Read Where The Heart Is (Choices of the Heart, book 1) Online
Authors: Jennie Marsland
“I know.” The catch in her voice betrayed her own passion. “Don’t apologize, Martin. I didn’t stop you.”
Martin gathered his scattered wits and struggled for words. “I haven’t touched a woman since Eleanor passed, and you, you’re so… I shouldn’t have asked you to dance. I should have known better.”
Chelle’s voice steadied. “There’s something between us, Martin. We can’t pretend there isn’t.”
“You’re right, but I was a cad to act on it. Lass, don’t let this stop you from comin’ to see Leah. I’ll stay out of your way.” Martin glanced back toward the hall. Every minute they lingered here would put another nail in the coffin of Chelle’s good name. “We’d better not go back inside together. People will notice. I’ll go first.”
He left her standing there. They’d only been gone a few minutes, but that was too bloody long. Curious eyes turned his way as he strode into the hall.
Jason gave Martin a sharp look as he took back his fiddle. “You know how to pick ‘em, lad. Watch yourself. She could be trouble.”
Martin snorted as he rosined his bow. “Don’t be daft. She’s just been enjoying herself tonight. Is there a law against that?” Angry with himself for snapping, he drew his bow across the strings. “Come on, folk are waiting.”
* * *
A few minutes later, Chelle strolled up to the hall, sat on the steps and took a few slow, calming breaths. She had no intention of getting involved with Martin, but she still wanted to relive the memory of his kiss. What kind of a woman did that make her?
Before she could gather her thoughts the door opened behind her, releasing a gust of warm air. Two young women stepped out, drawing their shawls around their shoulders, their faces glowing. One, a buxom, hazel-eyed brunette, flashed Chelle a bright smile. “It’s hot in there, that’s for sure and certain. Mind if we join you?”
With her feelings in chaos, Chelle certainly did mind, but she could hardly say so. She gestured to the space beside her. The dark girl and her blonde companion sat down and settled their skirts around them.
“We haven’t met, so I’ll warrant you’re the American girl who’s come to Mallonby. Welcome.”
The brunette’s voice matched her smile, Chelle thought, bright and insincere. “Thank you. Yes, I’m Rochelle McShannon. Are you from Carston?”
“Aye. I’m Delia Putnam, and this is Win Fuller. Are you enjoying the dance, Miss McShannon? You certainly aren’t in any danger of being a wallflower.”

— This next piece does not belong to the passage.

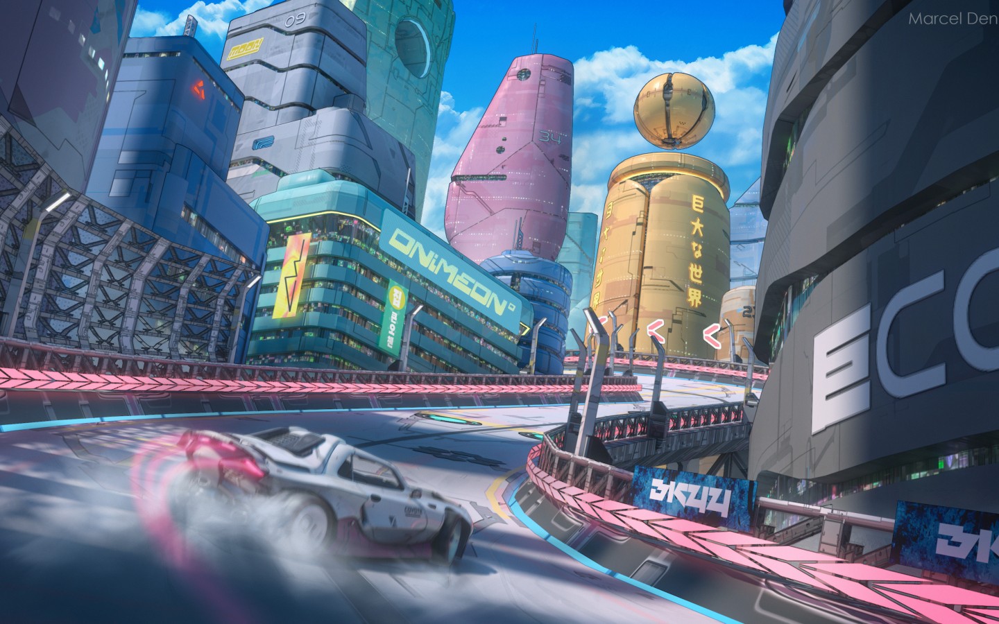 Futuristic Car Drift Skyscraper Digital Art Wallpaper - 1440x900

So these girls had been watching her. They’d probably seen her and Martin disappear. Chelle put on a smile and wished them both to the devil. “Yes, I’m enjoying it very much.”
“The music’s certainly good tonight. It’s a treat to have Mr. Rainnie playing, though I’m surprised to see him here so soon after losing his wife. And you… I understand your mother passed on a few weeks before you arrived here. I’m sorry.”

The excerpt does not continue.